Creative Cultural Criticism - by Bill Roorbach (Literary Entry)

This is a required reading assignment for a university literary class. As this work is found in a few places elsewhere online, I have decided to set a precedent for many college students everywhere who so desperately look for a re-posted work online to copy-&-paste to a text-to-speech program. By having it read back to them, they spend a fraction of the effort otherwise spent manually reading this passage. Students seek paths of least resistance. I am constructing one of them.

In calling this section "Creative Cultural Criticism" --by willfully throwing in the word creative--I risk being lit on fire and thrown off a cliff by my colleagues who are critics, and whose work is certainly creative, even if it doesn't particularly aspire to art. Nothing is more important to art than criticism, but nothing is more annoying to artists, or then again as gratifying, depending on how clearly the critic sees: the critic affects the artist either way. But listen: nothing is less important to the general culture than cultural criticism, since we all grind on regardless. The art critic may take herself seriously indeed, but the cultural critic had best not.

Creative cultural criticism differs from more traditional criticism in that it puts the critic in the midst of her subject. The critic's fallible life and tastes are as open to dissection as the subject she picks. And the subjects aren't standard. Writers in this broad category have written about the best-seller lists rather than books, the face in art as opposed to artwork, the meanings of illness itself rather than artwork about illness.

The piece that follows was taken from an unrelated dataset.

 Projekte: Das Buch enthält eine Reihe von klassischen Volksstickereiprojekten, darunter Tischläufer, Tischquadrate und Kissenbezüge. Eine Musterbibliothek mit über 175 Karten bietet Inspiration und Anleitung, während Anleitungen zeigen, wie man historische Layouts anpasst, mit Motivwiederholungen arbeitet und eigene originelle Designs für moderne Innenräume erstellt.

And because of the diffuse nature of the beast, the reader interested in reading more creative cultural criticism will have to do her own legwork: The New Yorker, Harper's, The Atlantic Monthly, these are perhaps the most reliable sources for such writing (regular, slightly skeptical reading in all three periodicals is a must for any student of creative nonfiction in any case). The New York Review of Books is often home to creative critics as well. Good literary magazines like The Georgia Review all offer examples of the form in every issue. And writers of creative cultural criticism tend to mention other writers extensively-- once one gets going, the path won't end.

1 comment:

  1. Yes.

    The sceptical reading of big magazines, especially.

    Google Books is good for this. How accessible through text-to-speech, though?

    It has magazines like Jet and Mother Jones and also Life.

    Magazines I read sometimes include Granta and the Spectator, as well as Prospect and Sp!ked.